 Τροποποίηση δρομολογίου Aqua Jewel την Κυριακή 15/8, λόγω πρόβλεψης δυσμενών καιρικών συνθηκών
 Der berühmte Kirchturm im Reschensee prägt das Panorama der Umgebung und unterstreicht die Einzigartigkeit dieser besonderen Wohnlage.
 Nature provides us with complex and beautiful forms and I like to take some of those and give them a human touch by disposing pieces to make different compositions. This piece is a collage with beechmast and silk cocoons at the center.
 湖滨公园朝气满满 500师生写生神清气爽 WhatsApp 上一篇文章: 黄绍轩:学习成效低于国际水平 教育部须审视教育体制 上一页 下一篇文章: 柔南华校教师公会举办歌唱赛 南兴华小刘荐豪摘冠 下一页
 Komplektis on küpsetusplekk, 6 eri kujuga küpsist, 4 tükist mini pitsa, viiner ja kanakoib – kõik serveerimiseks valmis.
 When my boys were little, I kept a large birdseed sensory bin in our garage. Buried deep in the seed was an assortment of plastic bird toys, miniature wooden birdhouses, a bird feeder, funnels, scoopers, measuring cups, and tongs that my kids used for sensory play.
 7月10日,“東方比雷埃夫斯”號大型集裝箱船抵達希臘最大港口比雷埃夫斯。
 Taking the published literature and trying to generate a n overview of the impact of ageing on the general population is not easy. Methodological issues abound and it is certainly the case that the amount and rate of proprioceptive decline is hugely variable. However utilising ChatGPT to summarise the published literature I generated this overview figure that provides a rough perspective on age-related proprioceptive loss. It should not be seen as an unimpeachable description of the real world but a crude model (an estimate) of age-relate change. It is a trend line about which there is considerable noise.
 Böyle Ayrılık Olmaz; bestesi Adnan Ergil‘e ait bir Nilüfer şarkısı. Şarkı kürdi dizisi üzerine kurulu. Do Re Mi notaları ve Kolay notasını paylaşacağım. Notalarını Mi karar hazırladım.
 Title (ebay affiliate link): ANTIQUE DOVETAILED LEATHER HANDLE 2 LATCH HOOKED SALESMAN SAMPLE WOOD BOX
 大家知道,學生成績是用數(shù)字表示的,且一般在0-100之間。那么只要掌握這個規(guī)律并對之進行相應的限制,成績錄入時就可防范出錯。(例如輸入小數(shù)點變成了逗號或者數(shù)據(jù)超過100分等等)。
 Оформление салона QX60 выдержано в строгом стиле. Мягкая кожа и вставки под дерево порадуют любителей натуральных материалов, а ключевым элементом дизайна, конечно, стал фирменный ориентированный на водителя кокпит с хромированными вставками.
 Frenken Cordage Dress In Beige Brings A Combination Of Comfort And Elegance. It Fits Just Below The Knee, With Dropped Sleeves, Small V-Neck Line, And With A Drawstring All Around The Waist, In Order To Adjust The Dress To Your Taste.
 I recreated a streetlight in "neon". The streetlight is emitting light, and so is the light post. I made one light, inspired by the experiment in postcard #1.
+++++
What needs to be done » Look through the entries above and find each line where the word "that" occurs; copy those lines.

Problem solution »
 When my boys were little, I kept a large birdseed sensory bin in our garage. Buried deep in the seed was an assortment of plastic bird toys, miniature wooden birdhouses, a bird feeder, funnels, scoopers, measuring cups, and tongs that my kids used for sensory play.
 Taking the published literature and trying to generate a n overview of the impact of ageing on the general population is not easy. Methodological issues abound and it is certainly the case that the amount and rate of proprioceptive decline is hugely variable. However utilising ChatGPT to summarise the published literature I generated this overview figure that provides a rough perspective on age-related proprioceptive loss. It should not be seen as an unimpeachable description of the real world but a crude model (an estimate) of age-relate change. It is a trend line about which there is considerable noise.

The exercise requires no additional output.